「ねーね!練習試合勝ったよ!」
元気にやうが言う。今日の練習試合は強豪校だったのでやうはいつもより高いテンションで結果報告をした。
「おめでとうあそこの高校に勝てるなんてすごいや」
「練習がんばったもん。かてさんはどうだった?」
「男子は完敗」
落ち込んでないように思わせるようにヘラヘラしながら言った。うちの部は男子弱小だが、女子部はかなり強かった。
「でもがんばったもんね〜」
やうは優しく俺を慰めた。負ける前提で試合をしてた俺には少しダメージを受けた。
「あ、じゃあ勝ったから駅前のカフェ奢ってくれるよね?」
この前に電話で約束していたのだった。
「あーっ」
強豪校に勝てるとは思ってなかったので、すっかり忘れてた。さっき、ジュース買って残りのお金は数百円しかない。
「忘れたなあ。そんなこと言ったっけ?」
「言ったし!もー!かてさん!」
やうは俺の肩をぽかぽかと叩く。
やうのすべてがかわいいのでもう一緒カフェに行かなくてもいいかなっとさえ思った。
「そういえばかてさん、明後日マラソン大会でしょ?頑張ってね」
やうは俺に声援を送った。来た。ここで僕は交渉することにした。
「うん。今年は入賞めざすよ。あ、もし入賞できたらキスして」
俺はからかいながら言った。
「かてさんすぐ身体求めるんだから。ん~もしできたらね。入賞って10位でしょ?去年何位だっけ?」
「42」
「なら、いいよー。がんばってねかてさん」
意外にもすんなりと受け入れた。
「もちろんがんばる。てか、付き合ってるのにまだキスしてないの酷くない?」
「えー。だって恥ずかしいもん。あ、もう家だ。じゃあねかてさん。頑張って」
彼女は笑顔で手を振った。
「うん。じゃあね」
やうは知らない。俺は3ヶ月前から死ぬ気でマラソンの練習をしてきた。雨の日も風の日もやうはご褒美系なら言うこと聞いてくれやすい。作戦通り。やうと俺のファーストキスまであと2日。

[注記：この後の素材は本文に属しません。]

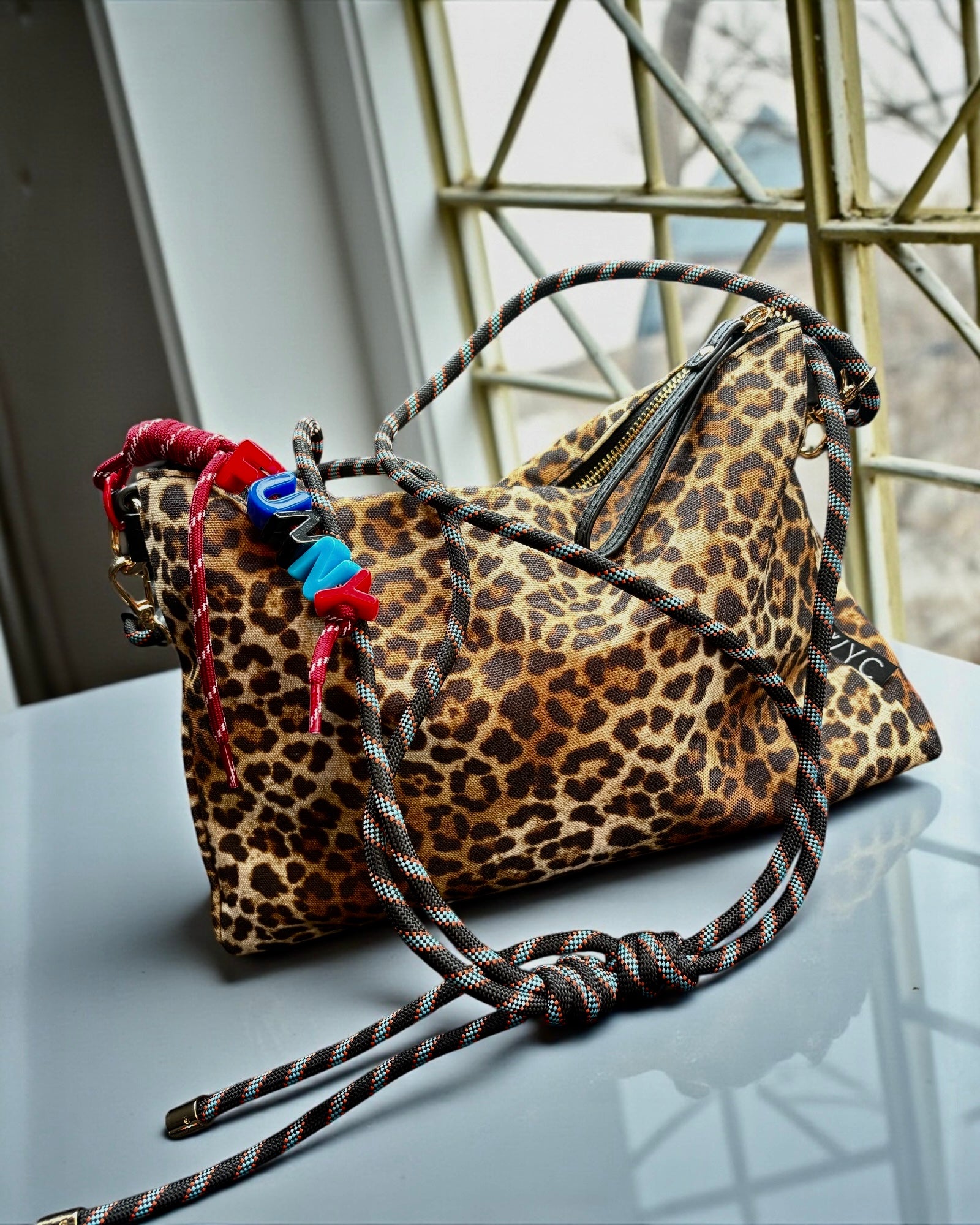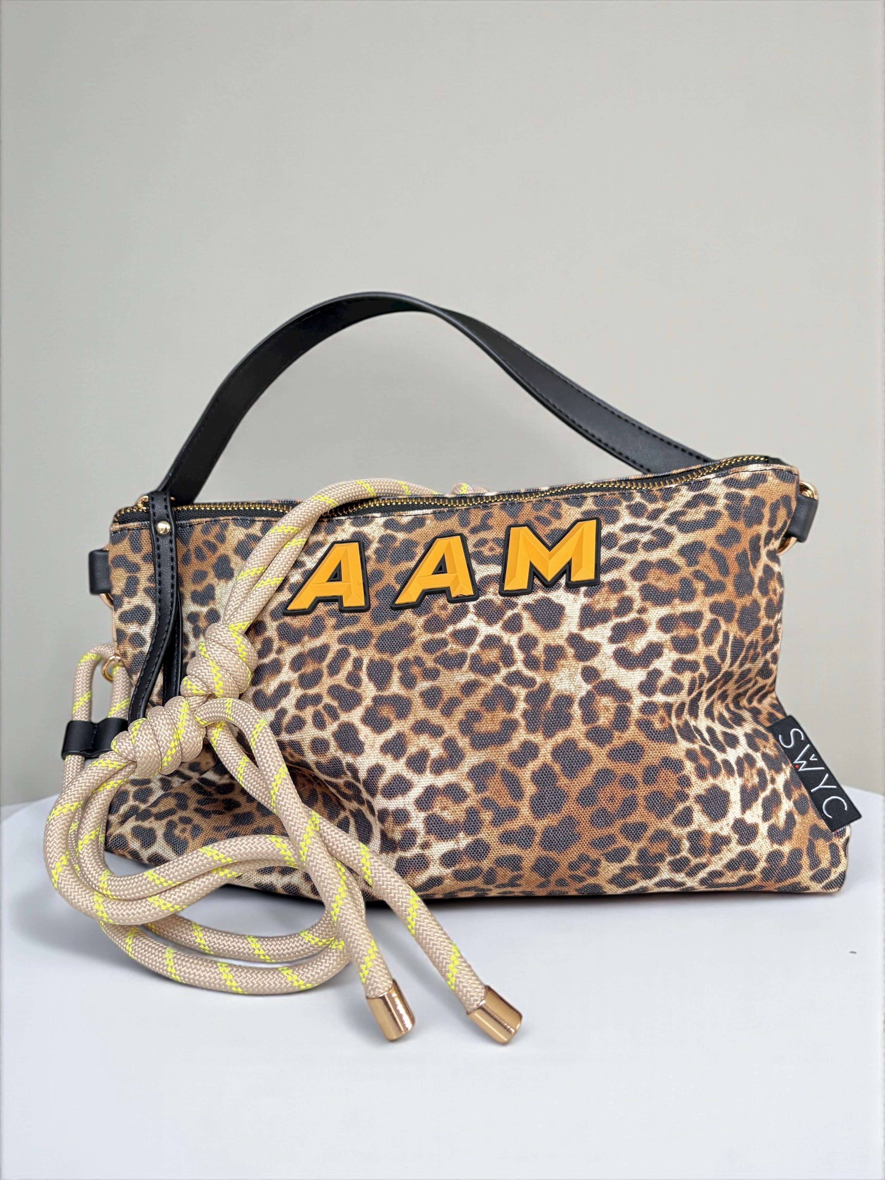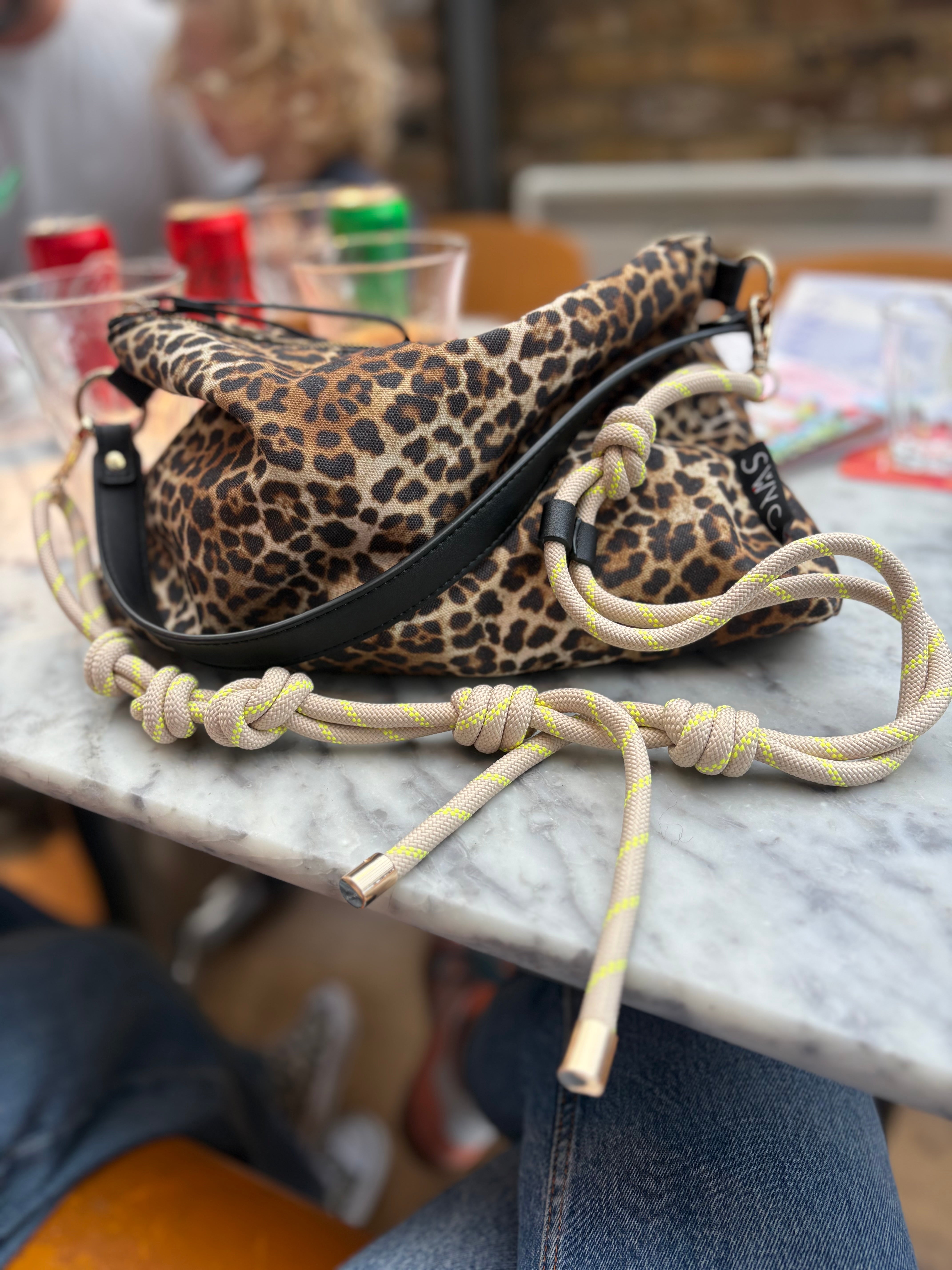 Leopard Print Luxe Crossbody Shoulder Bag with Interchangeable Rope Strap
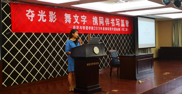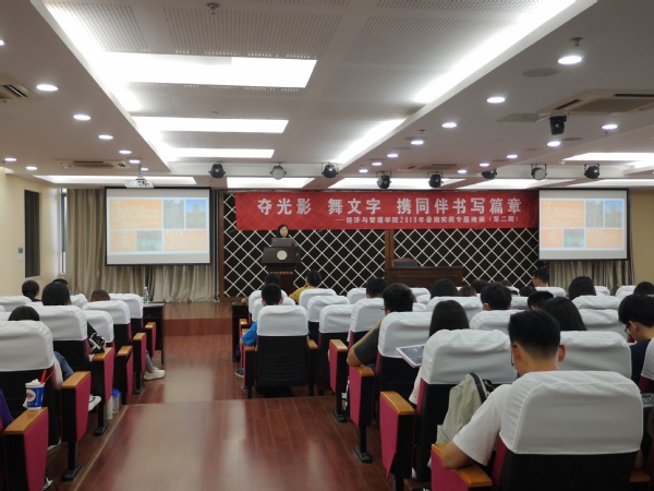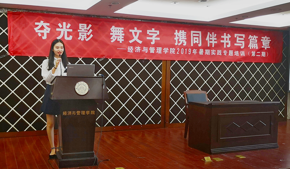 6月12号下午,"夺光影 舞文字 携同伴书写篇章"p站 第二期暑期社会实践专题培训在经管楼A0305报告厅顺利举办。学院宣传员时云、2016级辅导员朱一豪、院新媒体中心邵丹惠分别就摄影摄像、团队运营和新闻撰写开展了专题培训,学院团委书记庞依达和近两百余名社会实践项目负责人参加此次培训。
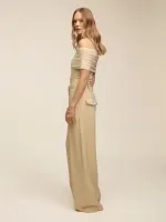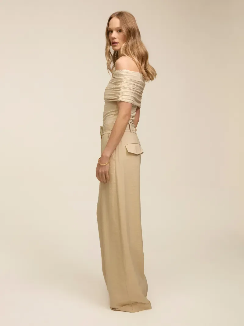 Blusa confeccionada em malha gelada. Possui modelagem ombro a ombro e forro. Detalhe de drapeados.
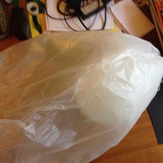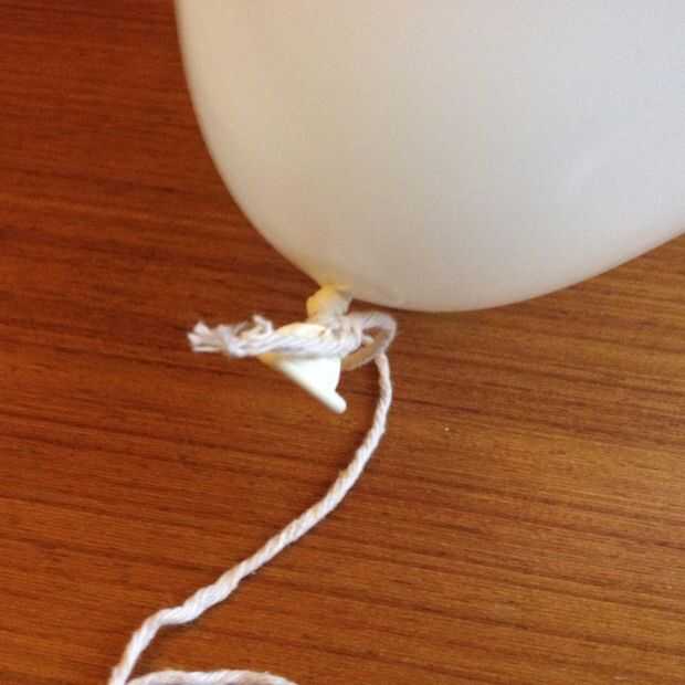 Lazos de alguna cadena en el extremo atado y alimentación a través del pequeño orificio que cortó en la bolsa de basura para que cuelgue alrededor del globo.
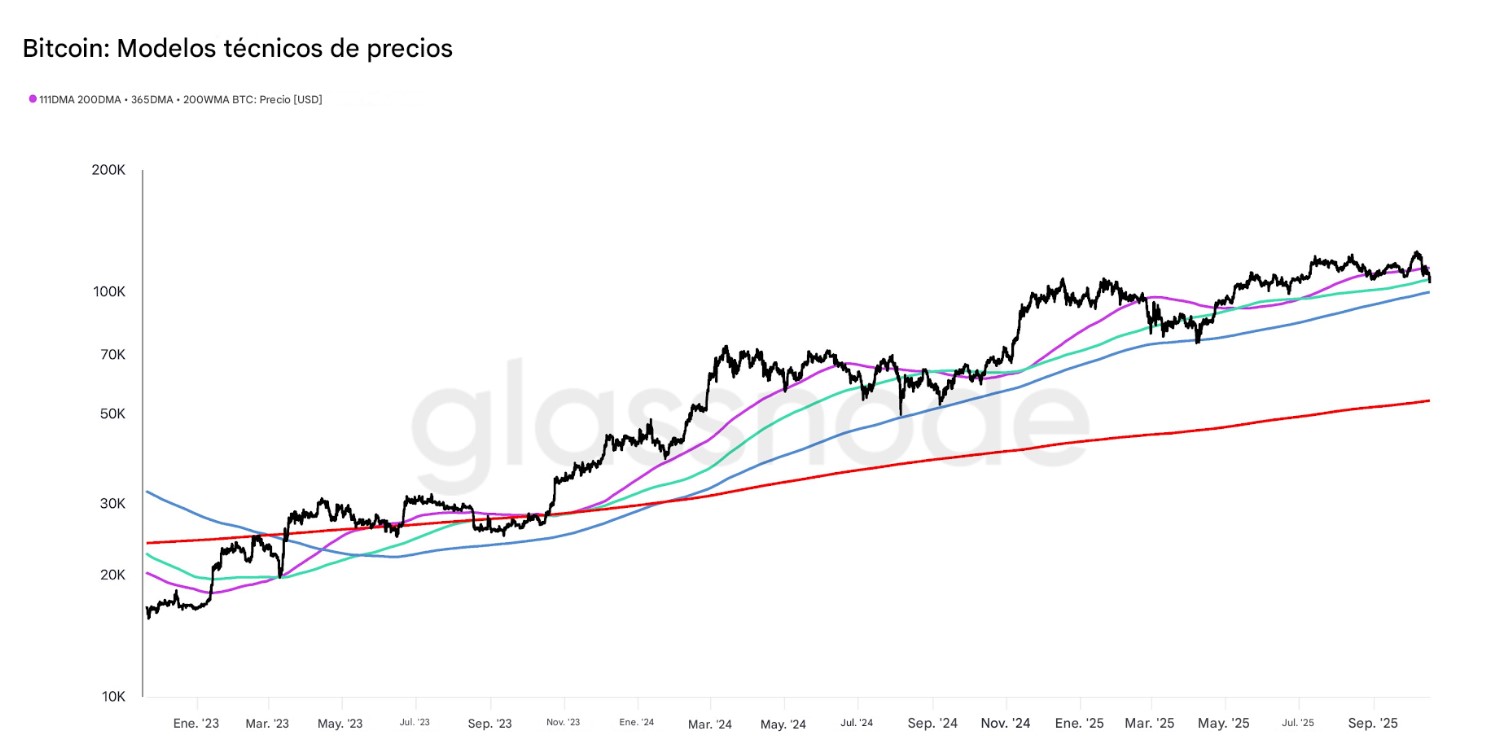 La firma de análisis e investigación de mercado, Glassnode, destaca que bitcoin cotiza por debajo de su media móvil de 200 días (200DMA), ubicada en USD 107.400, y se mantiene apenas por encima de la media móvil de 365 días (365DMA), que ronda los USD 99.900. Asimismo, el nivel intermedio de 111DMA se sitúa en USD 114.700, que actuaría como primera resistencia en caso de un rebote.
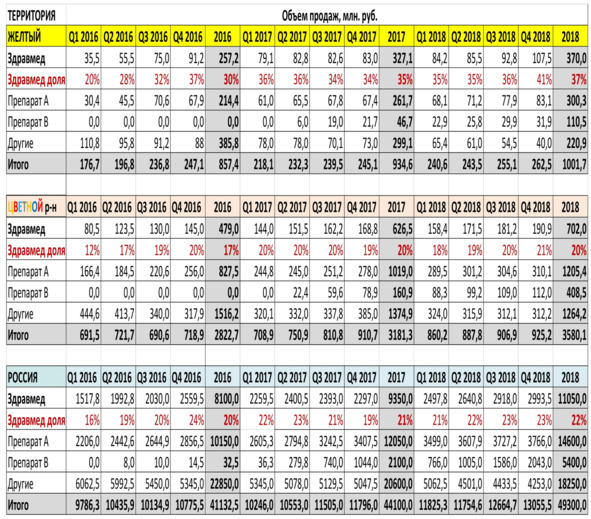 Другая ситуация — план не соответствует возможностям территории: доля препарата очень большая, темпы роста релевантного рынка низкие. В таких случаях значительный рост продаж скорее всего будет связан с достаточно большими ресурсами, которых у компании в настоящий момент может не быть.
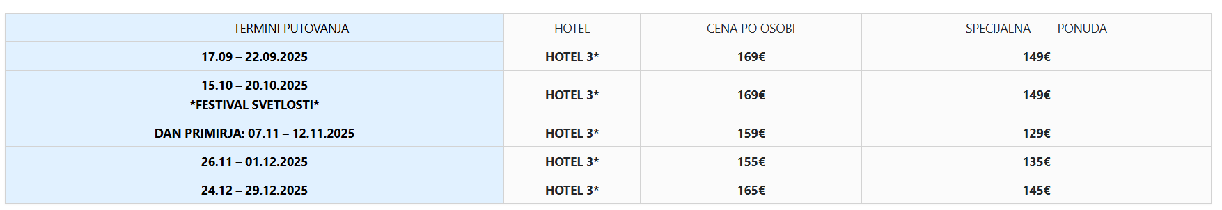 • putnici koji koriste sopstveni prevoz imaju popust 20 € (sobe na upit),
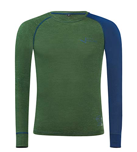 Black Crevice T-Shirt à Manches Longues pour Femme en Laine mérinos, Vert/Bleu, XL
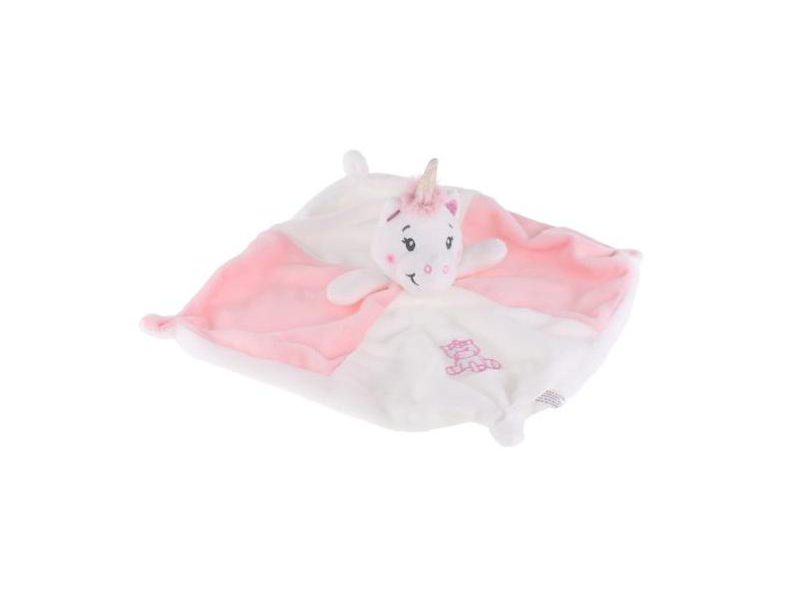Upptäck vår mysiga snuttefilt med en charmig enhörning. Den perfekta följeslagaren för din bebis. Med en storlek på 26x26 cm är denna snuttefilt tillverkad av mjukt och skonsamt material som ger både komfort och trygghet. Den uppfyller den europeiska säkerhetsstandarden för leksaker: EN71 del 1, 2 och 3, vilket garanterar att den är säker för alla åldrar och lämplig från födseln. Den söta enhörningen i mitten av filten skapar en känsla av magi och närhet, och kommer snabbt att bli ditt barns favorit. Med sin fina rosa färg och charmiga design är denna snuttefilt ett utmärkt tillskott till barnets säng och en perfekt present för nyblivna föräldrar. Säkerställ en lugn och trygg sömn för din bebis med vår älskvärda rosa snuttefilt med enhörning.
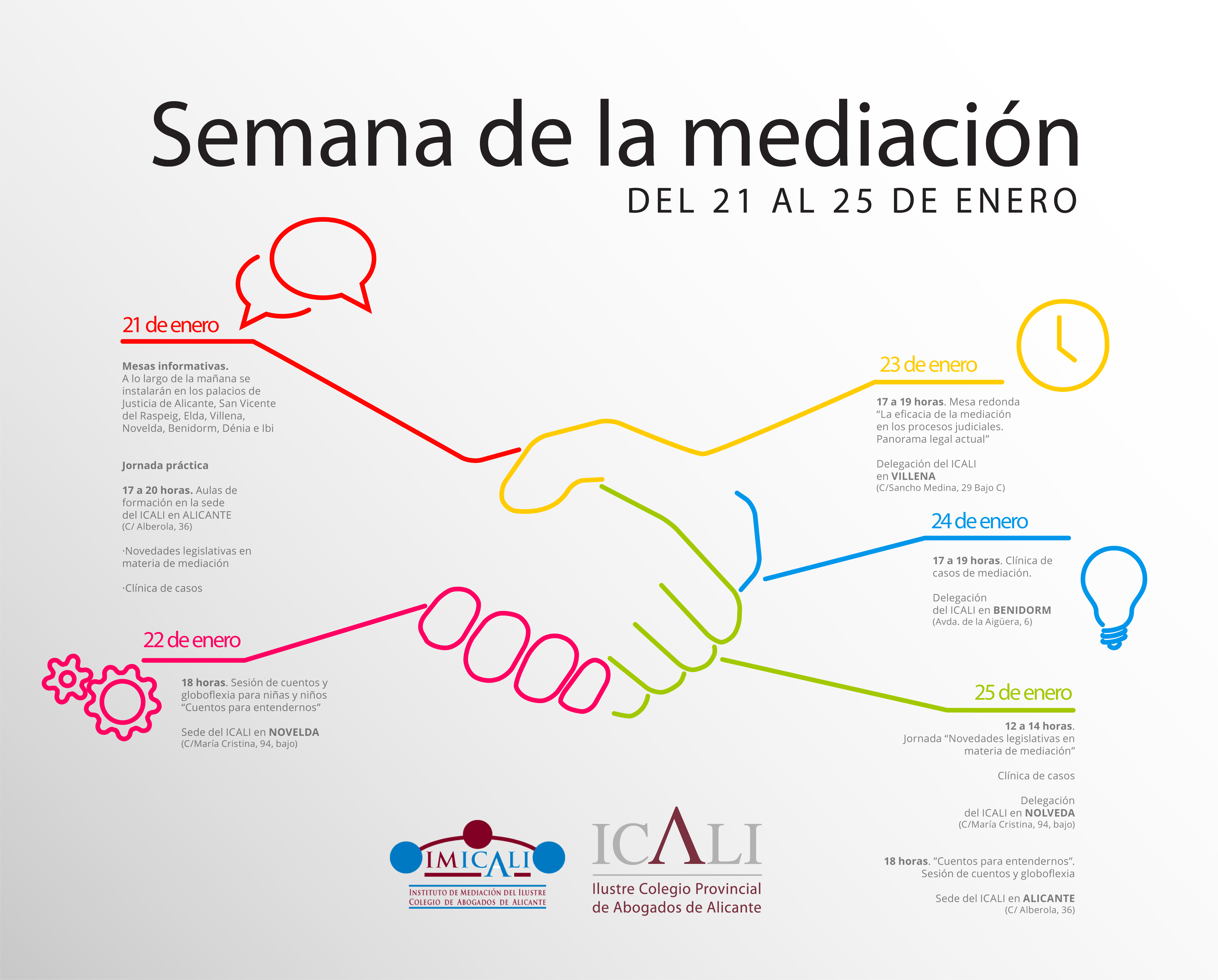 El Colegio Provincial de Abogados de Alicante (ICALI) ha organizado un completo programa de actividades con motivo de la celebración del Día Europeo de la Mediación, que tradicionalmente se conmemora el 21 de enero.

マラソン大会当日。俺は全力でマラソン大会に挑んだ。ただ無心でキスへ近づいた。何度も走った距離。それでも辛かった。それでも走った。そして終わった。
走ってる時順位は意識してなかった。審判から順位の札をおれは受け取った。目の焦点が合わずにその札を見た。12だった。俺はその場で倒れ込んだ。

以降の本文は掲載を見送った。